| Your objective |
Find the line with "У пятніцу, 5" in the entries below, then reproduce it and every line after it down to and including the line with "Vom 10. Mai", exactly.
▼
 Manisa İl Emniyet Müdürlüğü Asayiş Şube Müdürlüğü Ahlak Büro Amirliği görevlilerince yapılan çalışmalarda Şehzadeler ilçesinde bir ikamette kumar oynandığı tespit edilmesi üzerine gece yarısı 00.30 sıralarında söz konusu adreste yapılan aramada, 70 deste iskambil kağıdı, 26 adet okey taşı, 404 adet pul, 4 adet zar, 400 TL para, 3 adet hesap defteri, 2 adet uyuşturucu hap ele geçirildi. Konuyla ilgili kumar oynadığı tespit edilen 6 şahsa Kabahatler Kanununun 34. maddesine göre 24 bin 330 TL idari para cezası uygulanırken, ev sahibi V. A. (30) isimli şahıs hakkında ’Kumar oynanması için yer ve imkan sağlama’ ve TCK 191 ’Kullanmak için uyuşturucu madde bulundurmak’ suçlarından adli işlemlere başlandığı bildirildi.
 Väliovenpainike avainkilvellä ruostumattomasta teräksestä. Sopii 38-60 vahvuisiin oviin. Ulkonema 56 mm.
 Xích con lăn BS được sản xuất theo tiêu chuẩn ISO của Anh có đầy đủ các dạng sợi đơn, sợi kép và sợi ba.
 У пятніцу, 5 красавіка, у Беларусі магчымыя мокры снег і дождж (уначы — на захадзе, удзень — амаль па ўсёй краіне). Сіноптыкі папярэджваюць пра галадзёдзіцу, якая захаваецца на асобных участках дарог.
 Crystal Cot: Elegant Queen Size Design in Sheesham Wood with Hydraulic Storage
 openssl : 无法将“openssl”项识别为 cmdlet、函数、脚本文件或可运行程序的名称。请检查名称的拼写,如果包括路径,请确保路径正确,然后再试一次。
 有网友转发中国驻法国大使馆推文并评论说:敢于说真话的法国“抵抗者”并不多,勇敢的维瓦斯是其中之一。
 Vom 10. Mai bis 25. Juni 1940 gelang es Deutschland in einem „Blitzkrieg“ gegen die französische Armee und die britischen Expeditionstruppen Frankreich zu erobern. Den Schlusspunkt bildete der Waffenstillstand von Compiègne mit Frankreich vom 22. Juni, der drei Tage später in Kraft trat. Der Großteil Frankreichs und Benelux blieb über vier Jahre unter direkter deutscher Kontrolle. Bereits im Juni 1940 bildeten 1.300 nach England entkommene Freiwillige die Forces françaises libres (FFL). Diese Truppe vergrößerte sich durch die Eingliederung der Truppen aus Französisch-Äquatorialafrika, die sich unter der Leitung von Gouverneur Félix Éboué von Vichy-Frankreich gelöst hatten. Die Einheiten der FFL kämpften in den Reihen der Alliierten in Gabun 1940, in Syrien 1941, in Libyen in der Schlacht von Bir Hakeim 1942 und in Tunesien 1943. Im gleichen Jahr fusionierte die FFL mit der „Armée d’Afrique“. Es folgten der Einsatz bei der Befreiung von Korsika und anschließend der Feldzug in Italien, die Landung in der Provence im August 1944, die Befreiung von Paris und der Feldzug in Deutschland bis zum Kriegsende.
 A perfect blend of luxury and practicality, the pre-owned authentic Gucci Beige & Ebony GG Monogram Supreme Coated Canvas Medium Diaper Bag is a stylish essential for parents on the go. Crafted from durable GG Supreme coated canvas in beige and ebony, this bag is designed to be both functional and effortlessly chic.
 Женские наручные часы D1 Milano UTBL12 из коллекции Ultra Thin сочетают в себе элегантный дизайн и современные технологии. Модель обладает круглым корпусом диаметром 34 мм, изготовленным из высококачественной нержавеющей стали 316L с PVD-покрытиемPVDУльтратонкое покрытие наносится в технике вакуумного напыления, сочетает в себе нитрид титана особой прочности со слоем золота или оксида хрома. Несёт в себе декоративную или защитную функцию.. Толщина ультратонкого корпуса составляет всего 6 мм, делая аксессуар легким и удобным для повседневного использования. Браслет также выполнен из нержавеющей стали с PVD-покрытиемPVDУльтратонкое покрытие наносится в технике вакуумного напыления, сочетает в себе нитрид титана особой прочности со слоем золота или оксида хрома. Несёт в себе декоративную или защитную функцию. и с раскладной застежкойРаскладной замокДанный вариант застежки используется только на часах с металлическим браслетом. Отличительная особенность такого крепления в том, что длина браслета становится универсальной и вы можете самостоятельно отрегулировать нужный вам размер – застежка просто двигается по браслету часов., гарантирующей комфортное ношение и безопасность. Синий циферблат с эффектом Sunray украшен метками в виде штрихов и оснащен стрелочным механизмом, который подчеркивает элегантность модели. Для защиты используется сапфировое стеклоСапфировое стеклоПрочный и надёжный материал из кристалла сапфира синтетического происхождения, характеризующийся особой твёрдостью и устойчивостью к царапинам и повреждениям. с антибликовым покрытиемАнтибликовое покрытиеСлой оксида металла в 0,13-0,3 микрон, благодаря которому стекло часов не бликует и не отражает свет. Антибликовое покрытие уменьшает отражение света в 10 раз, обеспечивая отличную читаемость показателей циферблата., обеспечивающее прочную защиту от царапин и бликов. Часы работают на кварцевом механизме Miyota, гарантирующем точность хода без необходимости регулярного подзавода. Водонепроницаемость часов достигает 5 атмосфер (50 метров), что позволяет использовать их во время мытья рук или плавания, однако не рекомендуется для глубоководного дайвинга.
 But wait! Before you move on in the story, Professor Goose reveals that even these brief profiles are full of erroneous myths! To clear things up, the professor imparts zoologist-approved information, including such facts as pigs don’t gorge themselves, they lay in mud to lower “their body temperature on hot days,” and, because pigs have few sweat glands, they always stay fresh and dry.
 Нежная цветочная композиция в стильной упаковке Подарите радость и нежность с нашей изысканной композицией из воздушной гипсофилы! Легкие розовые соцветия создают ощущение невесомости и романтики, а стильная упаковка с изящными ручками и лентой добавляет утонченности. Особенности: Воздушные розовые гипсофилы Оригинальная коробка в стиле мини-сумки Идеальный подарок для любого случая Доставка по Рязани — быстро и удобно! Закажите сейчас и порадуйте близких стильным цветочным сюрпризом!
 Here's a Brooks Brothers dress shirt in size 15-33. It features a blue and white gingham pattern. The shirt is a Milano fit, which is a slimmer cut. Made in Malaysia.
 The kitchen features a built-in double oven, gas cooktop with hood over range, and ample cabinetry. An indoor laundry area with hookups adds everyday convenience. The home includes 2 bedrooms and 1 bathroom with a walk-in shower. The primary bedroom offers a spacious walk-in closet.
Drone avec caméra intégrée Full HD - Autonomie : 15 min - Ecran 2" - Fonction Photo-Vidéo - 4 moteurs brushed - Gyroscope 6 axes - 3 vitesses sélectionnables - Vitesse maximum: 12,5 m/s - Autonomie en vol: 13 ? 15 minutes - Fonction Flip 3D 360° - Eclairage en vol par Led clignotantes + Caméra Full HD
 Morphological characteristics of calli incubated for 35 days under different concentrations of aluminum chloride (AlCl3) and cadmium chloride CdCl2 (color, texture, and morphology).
▲
| Answer area |
 У пятніцу, 5 красавіка, у Беларусі магчымыя мокры снег і дождж (уначы — на захадзе, удзень — амаль па ўсёй краіне). Сіноптыкі папярэджваюць пра галадзёдзіцу, якая захаваецца на асобных участках дарог.
 Crystal Cot: Elegant Queen Size Design in Sheesham Wood with Hydraulic Storage
 openssl : 无法将“openssl”项识别为 cmdlet、函数、脚本文件或可运行程序的名称。请检查名称的拼写,如果包括路径,请确保路径正确,然后再试一次。
 有网友转发中国驻法国大使馆推文并评论说:敢于说真话的法国“抵抗者”并不多,勇敢的维瓦斯是其中之一。
 Vom 10. Mai bis 25. Juni 1940 gelang es Deutschland in einem „Blitzkrieg“ gegen die französische Armee und die britischen Expeditionstruppen Frankreich zu erobern. Den Schlusspunkt bildete der Waffenstillstand von Compiègne mit Frankreich vom 22. Juni, der drei Tage später in Kraft trat. Der Großteil Frankreichs und Benelux blieb über vier Jahre unter direkter deutscher Kontrolle. Bereits im Juni 1940 bildeten 1.300 nach England entkommene Freiwillige die Forces françaises libres (FFL). Diese Truppe vergrößerte sich durch die Eingliederung der Truppen aus Französisch-Äquatorialafrika, die sich unter der Leitung von Gouverneur Félix Éboué von Vichy-Frankreich gelöst hatten. Die Einheiten der FFL kämpften in den Reihen der Alliierten in Gabun 1940, in Syrien 1941, in Libyen in der Schlacht von Bir Hakeim 1942 und in Tunesien 1943. Im gleichen Jahr fusionierte die FFL mit der „Armée d’Afrique“. Es folgten der Einsatz bei der Befreiung von Korsika und anschließend der Feldzug in Italien, die Landung in der Provence im August 1944, die Befreiung von Paris und der Feldzug in Deutschland bis zum Kriegsende.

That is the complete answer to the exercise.